● Work task
From the material below, retype exactly the lines that begin at the line with "The installation locations" and end after the line with "Corps Defense is"; pictures stay out of the copy.
===
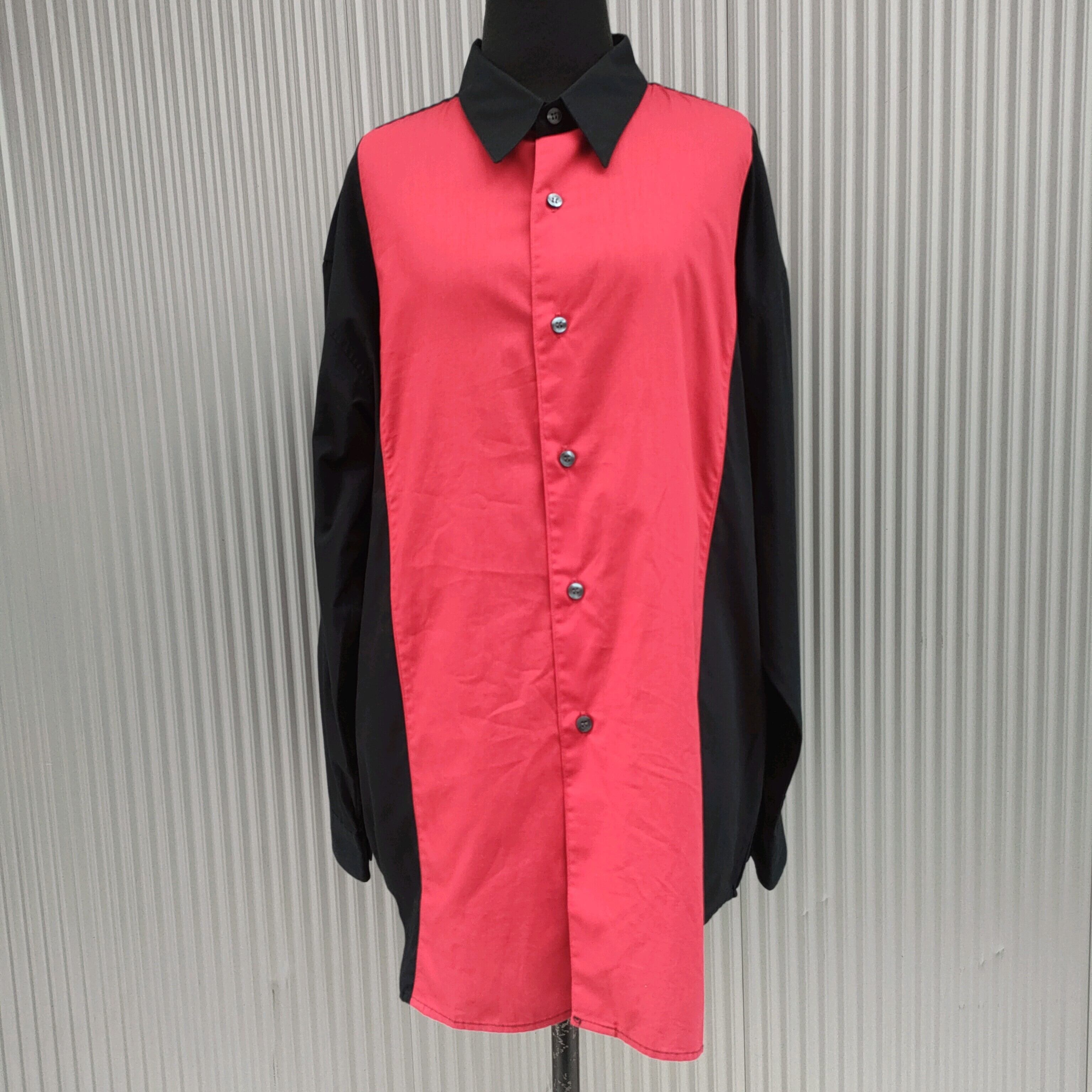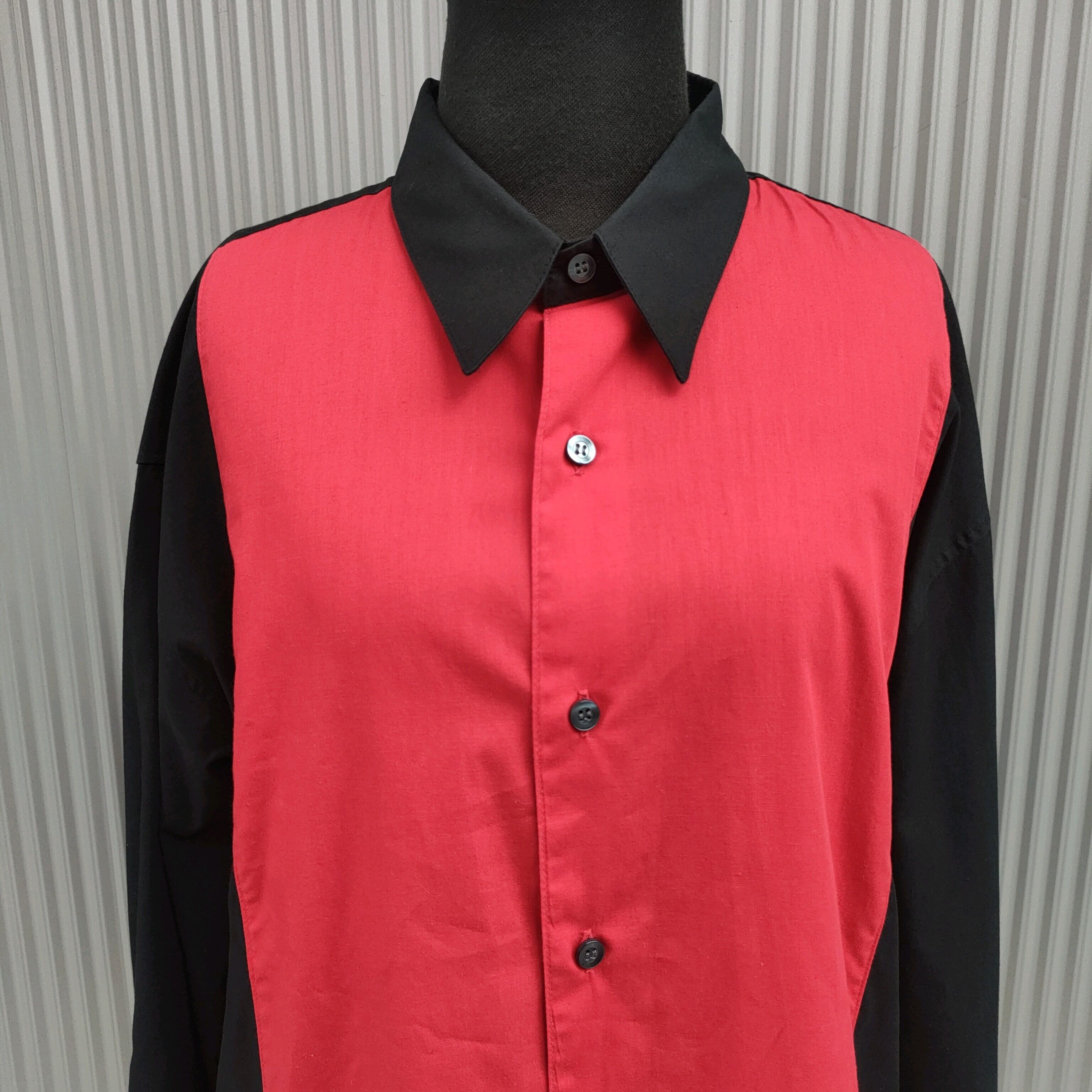 ○美品/T’s Club Division/ヴィンテージ/ビンテージ/国産古着/オーバーサイズ/ビッグシルエット/長袖/バイカラー/シャツ/F/黒赤/R0909KB1/008/
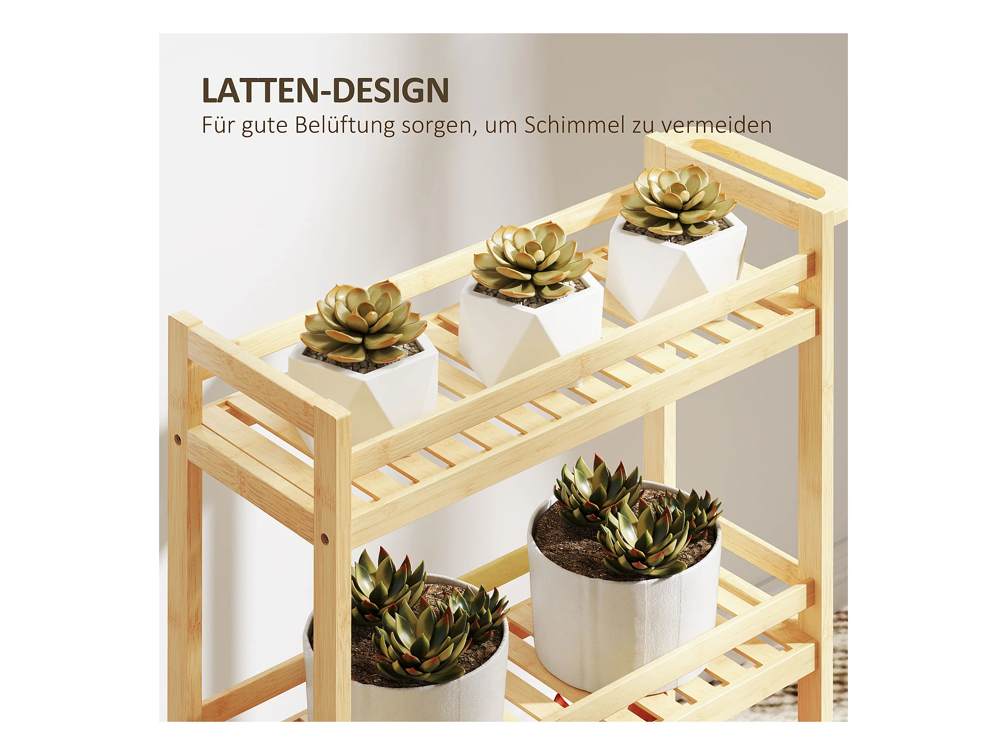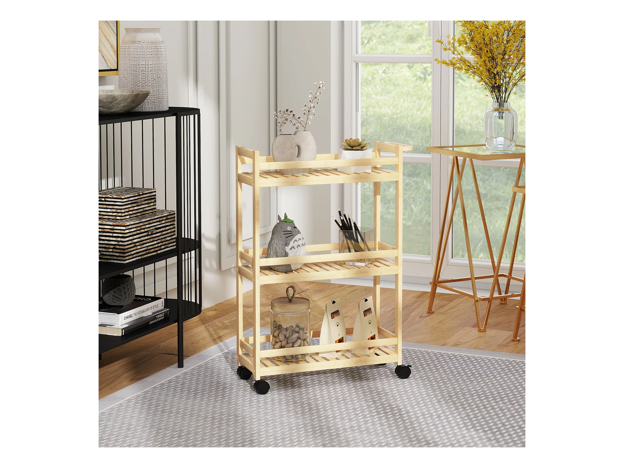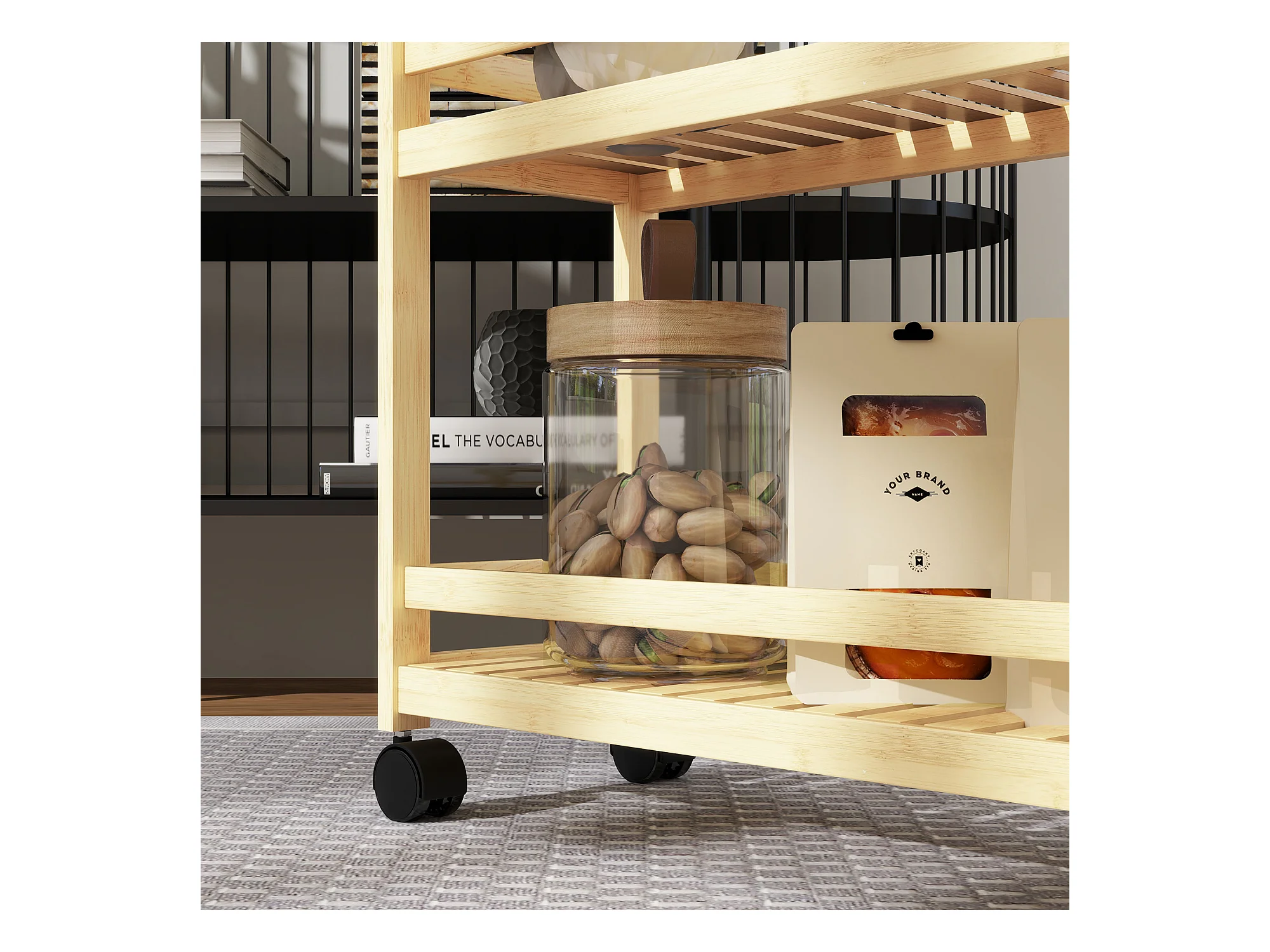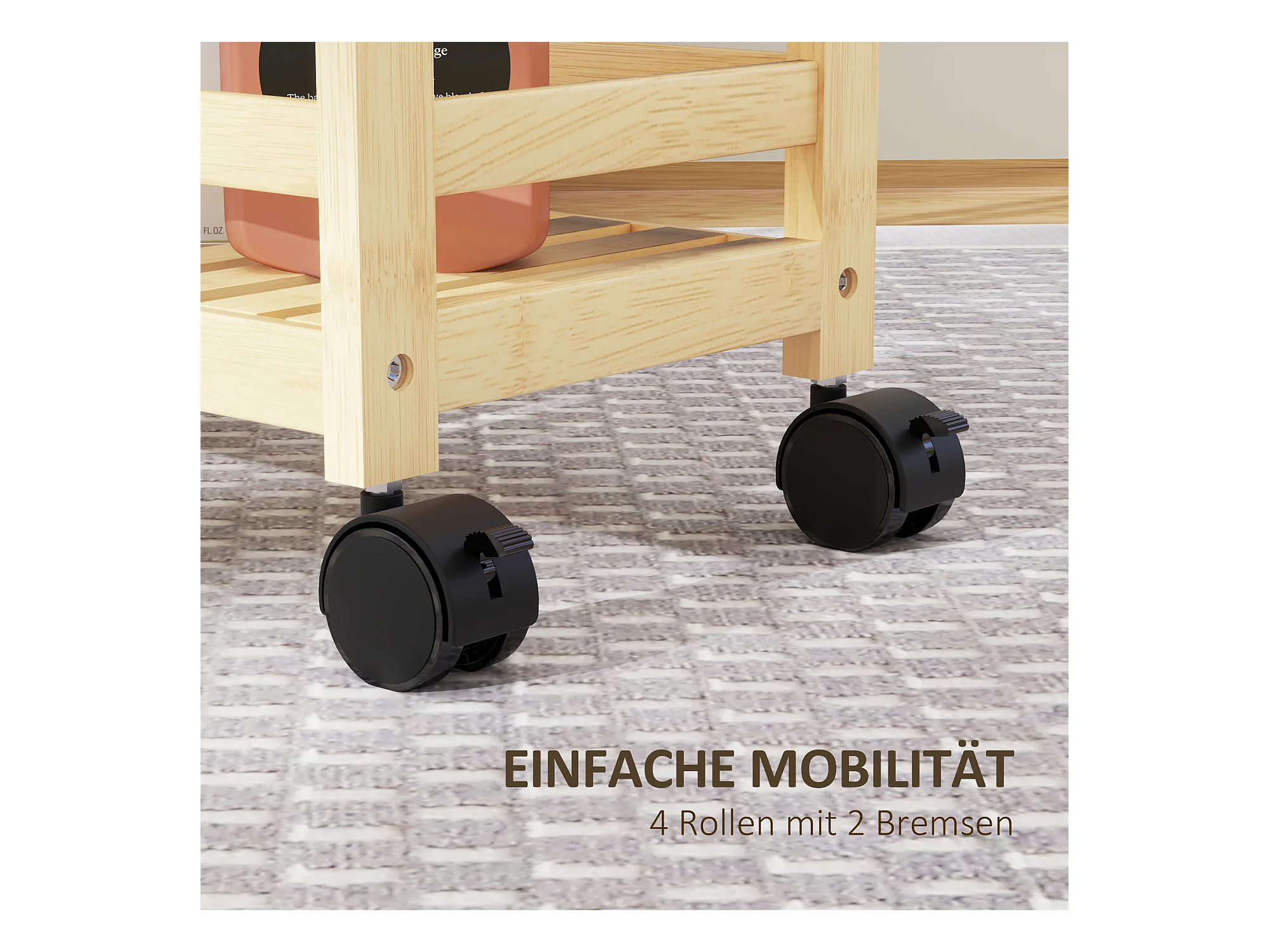 Carrello portaoggetti in bambù, 3 ripiani, con ruote e maniglie, naturale (55x20x75 cm)
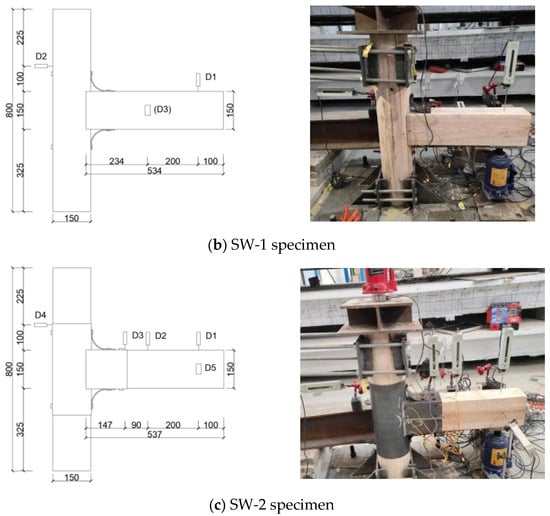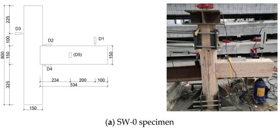 The installation locations of the displacement gauges for the SW-0, SW-1 and SW-2 specimens are shown in Figure 4. The SW-0 specimen is equipped with five displacement gauges. D1, D5 and D3 are used to measure the vertical displacement of the wooden beam, the out-of-plane displacement of the wooden beam and the lateral displacement of the wooden column, respectively. The SW-1 specimen is equipped with three displacement gauges. D1, D2 and D3 are, respectively, utilized to monitor the vertical displacement of the wooden beam, the lateral displacement of the wooden column and the out-of-plane displacement of the wooden beam. Five displacement gauges are installed on the SW-2 specimen. D1 and D2 are used to measure the vertical displacement of the wooden beam, D3 and D5 is severally employed to measure the vertical and out-of-plane displacement of the steel sleeve of the wooden beam and D4 is used to measure the lateral displacement of the steel sleeve of the wooden column.
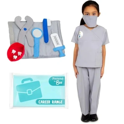 PRETEND TO BEE Dentist Dress Up Bundle, Costume for Kids with Soft Play Tools, Grey, Ages 3 5 Years
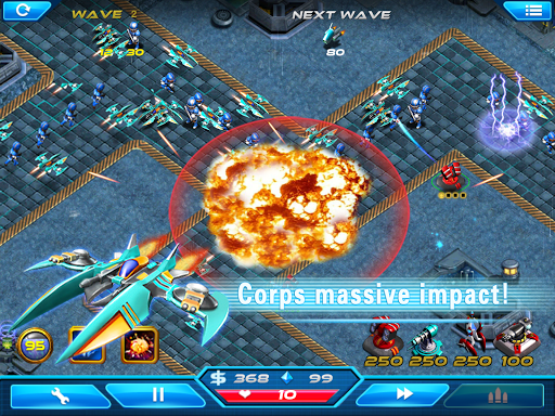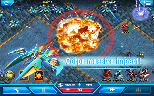 Corps Defense is an epic tower defense game. Build powerful defending towers such as Gatling, Heavy Gun, Energy Cannon and Tesla to guard your base. In the battle, you will face the Marines, Goliath, Tank, Wraith Plane and the even great Battle Cruisers.
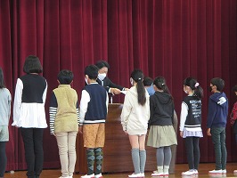 2年生の外国語活動では、run、sleep、swimなどの動作を表す言葉とrabbit、dog、fishなど生き物の名前を表す言葉を発音する練習をクイズ形式で行っていました。じゃんけんで勝った代表の子が行う動作がどのカードをあらわしているか考えて当てます。答えは英語で言わなければならないので、繰り返すことで自然に英単語を覚えます。また、正解すると、ALTの先生の発音をまねして確かめるので、正しいイントネーションも覚えることができます。問題を出したい子も答えが言いたい子もたくさんいて、大いに盛り上がっていました。
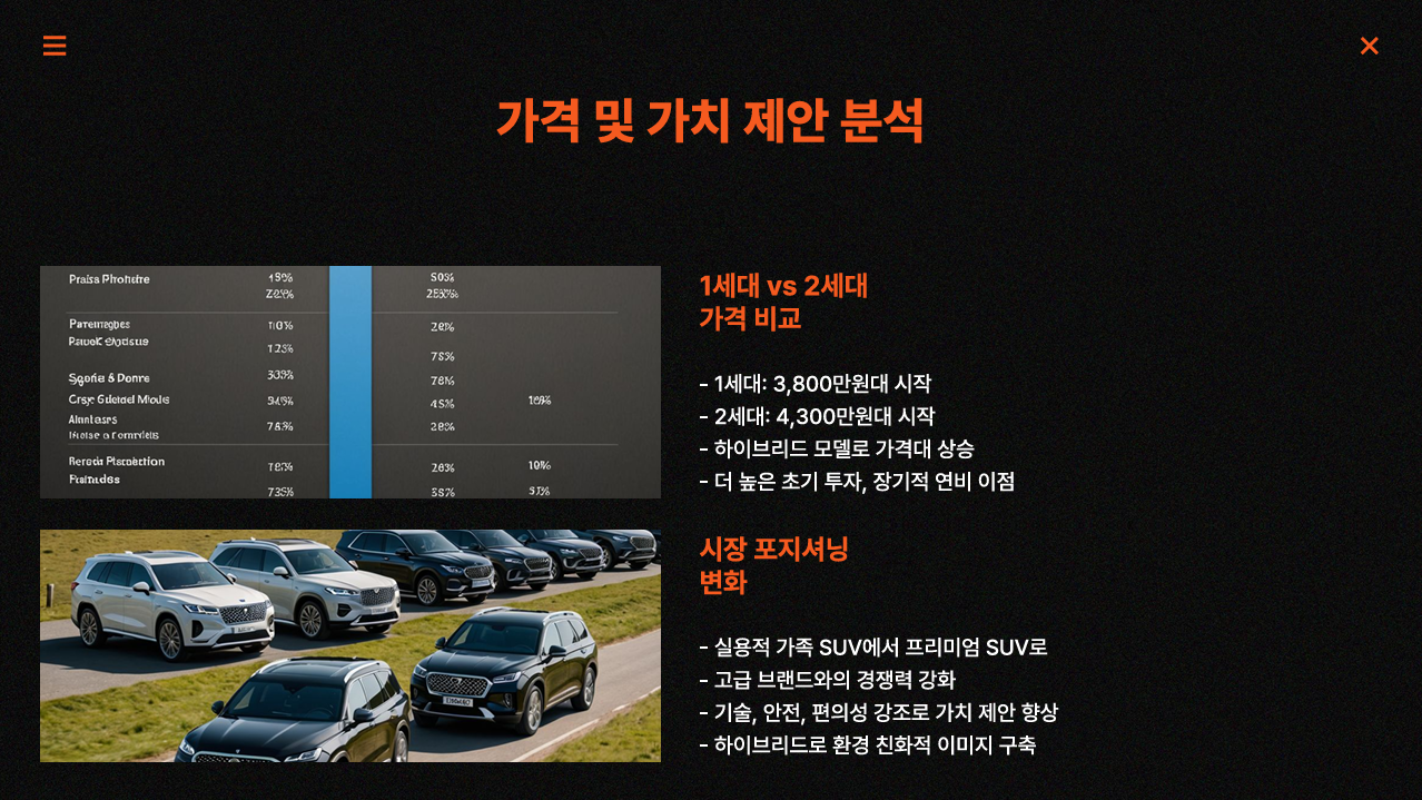 2세대 디자인은 1세대의 순수한 실용적인 느낌을 넘어 더욱 고급스럽고 세련된 외관을 목표로 합니다. 디자인 요소들이 고급 브랜드에서 영감을 받은 것은 시장 포지셔닝의 변화를 나타냅니다. "웅장하고 독창적인 디자인"과 "더욱 견고하고 고급스러워진 디자인"을 반복적으로 언급하는 것을 통해 이를 알 수 있습니다 . 특히 레인지로버와의 직접적인 비교 는 현대자동차가 팰리세이드의 인지된 품질을 높이고 더욱 까다로운 고객층에게 어필하려는 의식적인 노력이 있었음을 시사합니다.
===
● Response
 The installation locations of the displacement gauges for the SW-0, SW-1 and SW-2 specimens are shown in Figure 4. The SW-0 specimen is equipped with five displacement gauges. D1, D5 and D3 are used to measure the vertical displacement of the wooden beam, the out-of-plane displacement of the wooden beam and the lateral displacement of the wooden column, respectively. The SW-1 specimen is equipped with three displacement gauges. D1, D2 and D3 are, respectively, utilized to monitor the vertical displacement of the wooden beam, the lateral displacement of the wooden column and the out-of-plane displacement of the wooden beam. Five displacement gauges are installed on the SW-2 specimen. D1 and D2 are used to measure the vertical displacement of the wooden beam, D3 and D5 is severally employed to measure the vertical and out-of-plane displacement of the steel sleeve of the wooden beam and D4 is used to measure the lateral displacement of the steel sleeve of the wooden column.
 PRETEND TO BEE Dentist Dress Up Bundle, Costume for Kids with Soft Play Tools, Grey, Ages 3 5 Years
 Corps Defense is an epic tower defense game. Build powerful defending towers such as Gatling, Heavy Gun, Energy Cannon and Tesla to guard your base. In the battle, you will face the Marines, Goliath, Tank, Wraith Plane and the even great Battle Cruisers.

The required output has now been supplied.